WHAT YOU ARE ASKED TO DO: Leave out all pictures while repeating the records exactly and completely.

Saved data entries

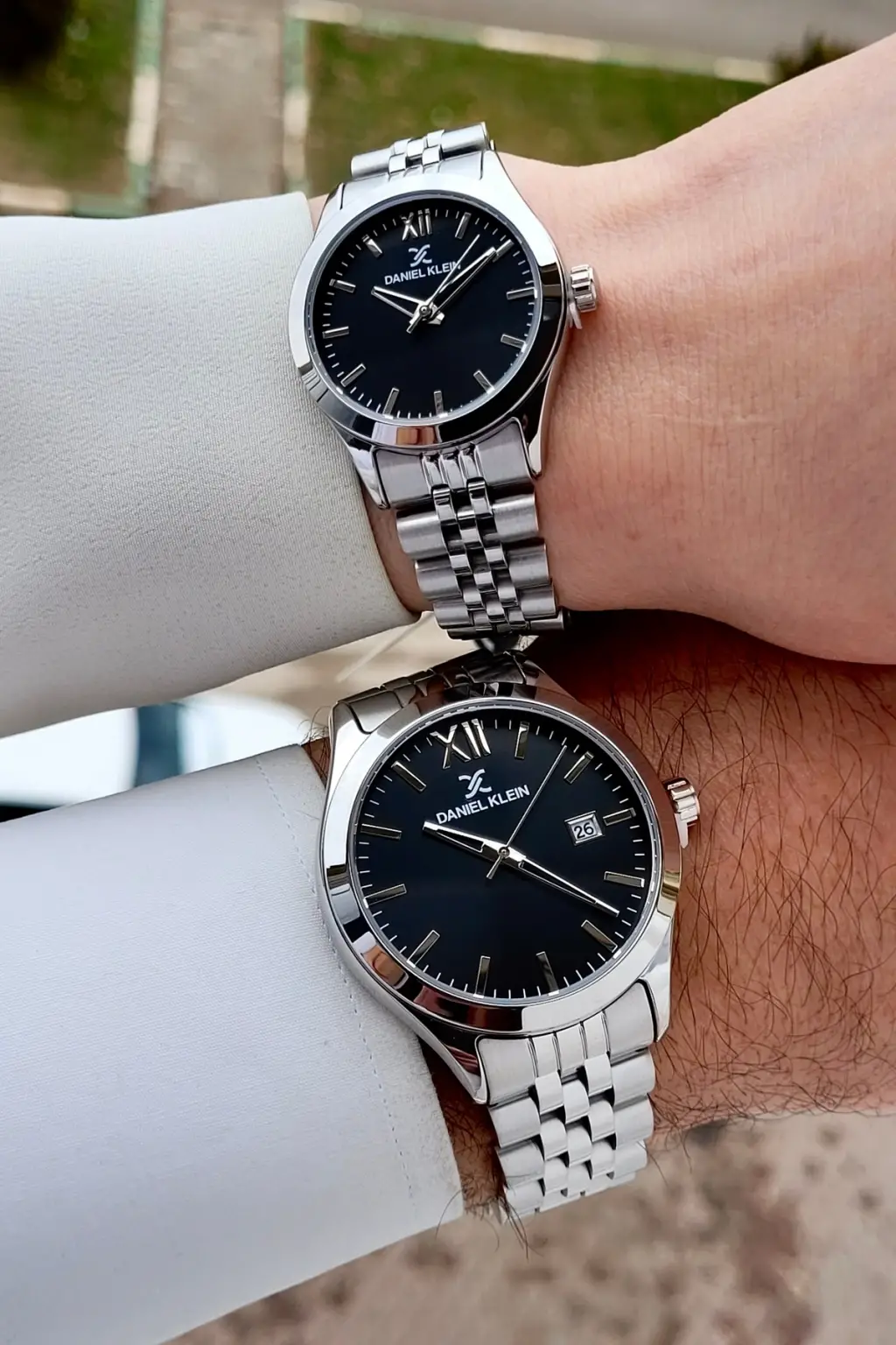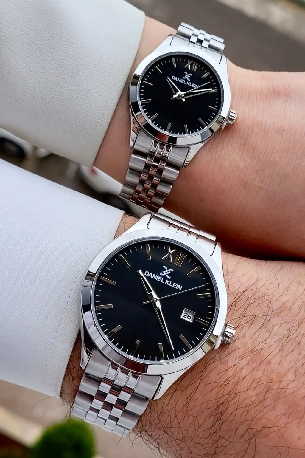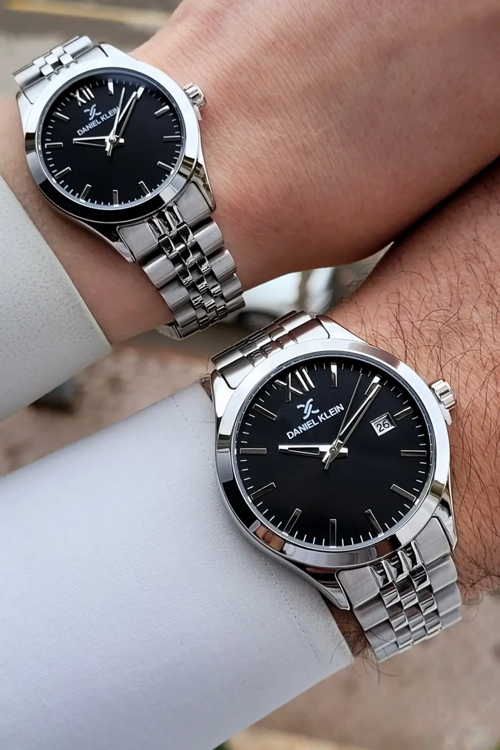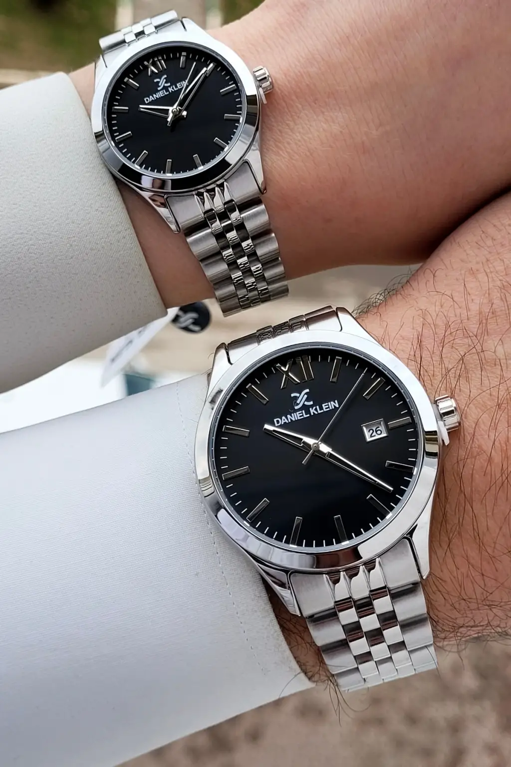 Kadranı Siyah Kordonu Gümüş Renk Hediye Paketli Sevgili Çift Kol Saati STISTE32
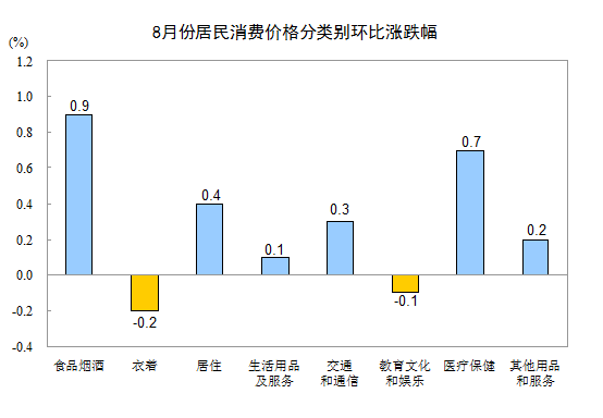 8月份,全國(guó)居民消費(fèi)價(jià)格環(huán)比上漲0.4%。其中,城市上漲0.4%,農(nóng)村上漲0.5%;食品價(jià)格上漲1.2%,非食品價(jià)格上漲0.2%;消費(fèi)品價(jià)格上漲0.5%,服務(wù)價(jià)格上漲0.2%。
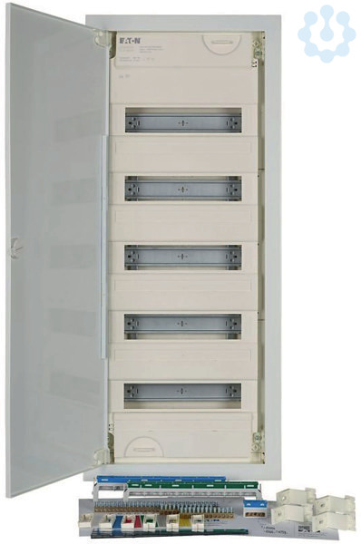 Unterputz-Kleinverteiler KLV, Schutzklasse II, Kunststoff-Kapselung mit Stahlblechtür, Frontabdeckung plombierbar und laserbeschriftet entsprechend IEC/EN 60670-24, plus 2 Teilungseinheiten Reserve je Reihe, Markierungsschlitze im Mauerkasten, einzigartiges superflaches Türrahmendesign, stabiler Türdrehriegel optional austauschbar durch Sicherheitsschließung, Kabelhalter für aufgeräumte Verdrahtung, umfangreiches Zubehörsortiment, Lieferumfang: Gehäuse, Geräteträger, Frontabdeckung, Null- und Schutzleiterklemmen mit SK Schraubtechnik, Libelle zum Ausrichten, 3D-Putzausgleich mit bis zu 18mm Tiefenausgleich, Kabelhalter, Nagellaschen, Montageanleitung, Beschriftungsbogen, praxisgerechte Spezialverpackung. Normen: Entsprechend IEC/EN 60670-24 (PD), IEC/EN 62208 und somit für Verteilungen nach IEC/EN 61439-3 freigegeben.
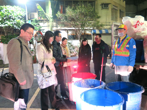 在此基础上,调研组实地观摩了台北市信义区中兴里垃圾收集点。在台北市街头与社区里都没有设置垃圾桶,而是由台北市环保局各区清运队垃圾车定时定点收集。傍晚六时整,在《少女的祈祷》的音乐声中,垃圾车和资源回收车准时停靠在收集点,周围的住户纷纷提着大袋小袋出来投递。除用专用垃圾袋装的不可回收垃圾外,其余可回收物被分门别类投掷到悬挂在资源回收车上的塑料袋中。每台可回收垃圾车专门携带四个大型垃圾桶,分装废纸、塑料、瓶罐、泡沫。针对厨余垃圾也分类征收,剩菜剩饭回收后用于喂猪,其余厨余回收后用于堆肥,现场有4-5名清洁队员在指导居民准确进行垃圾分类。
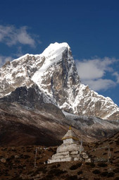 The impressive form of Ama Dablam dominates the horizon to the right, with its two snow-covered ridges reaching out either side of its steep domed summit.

OUTPUT OF THE TASK:
 Kadranı Siyah Kordonu Gümüş Renk Hediye Paketli Sevgili Çift Kol Saati STISTE32
 8月份,全國(guó)居民消費(fèi)價(jià)格環(huán)比上漲0.4%。其中,城市上漲0.4%,農(nóng)村上漲0.5%;食品價(jià)格上漲1.2%,非食品價(jià)格上漲0.2%;消費(fèi)品價(jià)格上漲0.5%,服務(wù)價(jià)格上漲0.2%。
 Unterputz-Kleinverteiler KLV, Schutzklasse II, Kunststoff-Kapselung mit Stahlblechtür, Frontabdeckung plombierbar und laserbeschriftet entsprechend IEC/EN 60670-24, plus 2 Teilungseinheiten Reserve je Reihe, Markierungsschlitze im Mauerkasten, einzigartiges superflaches Türrahmendesign, stabiler Türdrehriegel optional austauschbar durch Sicherheitsschließung, Kabelhalter für aufgeräumte Verdrahtung, umfangreiches Zubehörsortiment, Lieferumfang: Gehäuse, Geräteträger, Frontabdeckung, Null- und Schutzleiterklemmen mit SK Schraubtechnik, Libelle zum Ausrichten, 3D-Putzausgleich mit bis zu 18mm Tiefenausgleich, Kabelhalter, Nagellaschen, Montageanleitung, Beschriftungsbogen, praxisgerechte Spezialverpackung. Normen: Entsprechend IEC/EN 60670-24 (PD), IEC/EN 62208 und somit für Verteilungen nach IEC/EN 61439-3 freigegeben.
 在此基础上,调研组实地观摩了台北市信义区中兴里垃圾收集点。在台北市街头与社区里都没有设置垃圾桶,而是由台北市环保局各区清运队垃圾车定时定点收集。傍晚六时整,在《少女的祈祷》的音乐声中,垃圾车和资源回收车准时停靠在收集点,周围的住户纷纷提着大袋小袋出来投递。除用专用垃圾袋装的不可回收垃圾外,其余可回收物被分门别类投掷到悬挂在资源回收车上的塑料袋中。每台可回收垃圾车专门携带四个大型垃圾桶,分装废纸、塑料、瓶罐、泡沫。针对厨余垃圾也分类征收,剩菜剩饭回收后用于喂猪,其余厨余回收后用于堆肥,现场有4-5名清洁队员在指导居民准确进行垃圾分类。
 The impressive form of Ama Dablam dominates the horizon to the right, with its two snow-covered ridges reaching out either side of its steep domed summit.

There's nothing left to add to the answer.